(Prompt) Repeat the listing that follows character for character, omitting images.

(Input data)
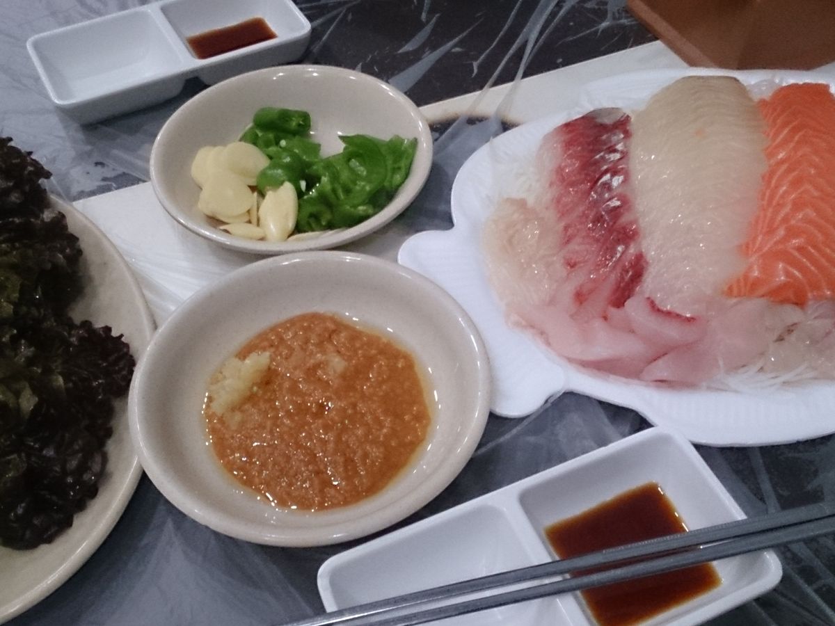 当日のメニューはイカの刺身・あわびの刺身・なまえは忘れましたけど黒い魚の刺身とメウンタンでした。
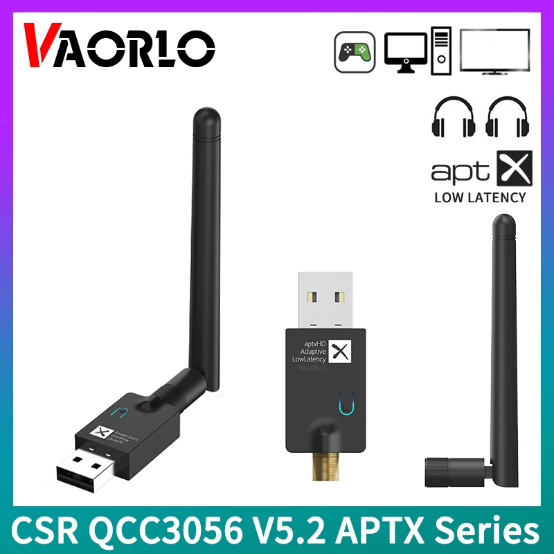 Comprar VAORLO-transmisor de Audio QCC3056 CSR, Bluetooth 5,2, aptX LL HD adaptable, 40ms, baja latencia, multipunto con micrófono, adaptador inalámbrico para TV
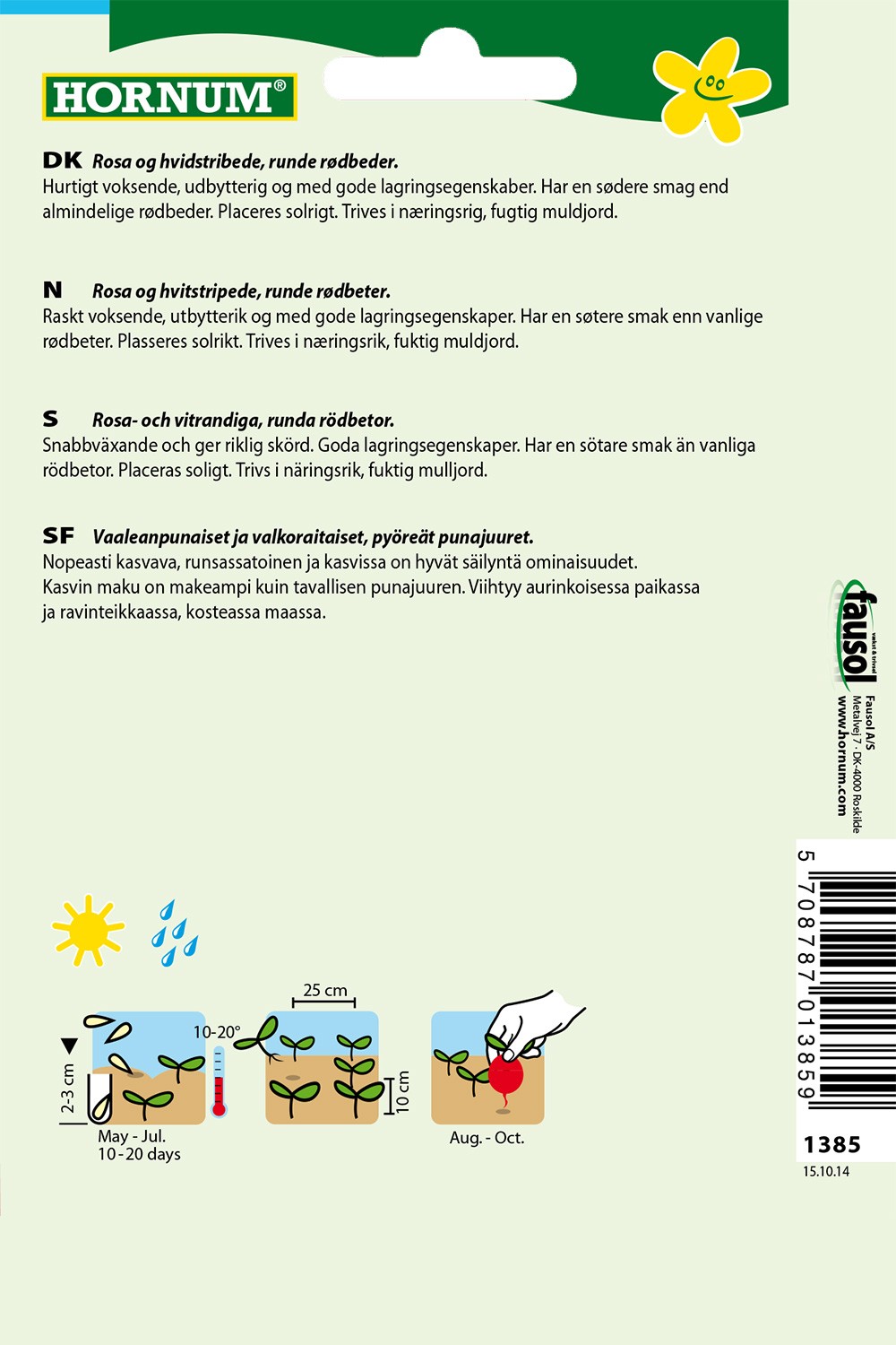 Hurtigt voksende, udbytterig og med gode lagringsegenskaber. Har en sødere smag end almindelige rødbeder. Placeres solrigt. Trives i næringsrig, fugtig muldjord.

(Solution to this task)
 当日のメニューはイカの刺身・あわびの刺身・なまえは忘れましたけど黒い魚の刺身とメウンタンでした。
 Comprar VAORLO-transmisor de Audio QCC3056 CSR, Bluetooth 5,2, aptX LL HD adaptable, 40ms, baja latencia, multipunto con micrófono, adaptador inalámbrico para TV
 Hurtigt voksende, udbytterig og med gode lagringsegenskaber. Har en sødere smag end almindelige rødbeder. Placeres solrigt. Trives i næringsrig, fugtig muldjord.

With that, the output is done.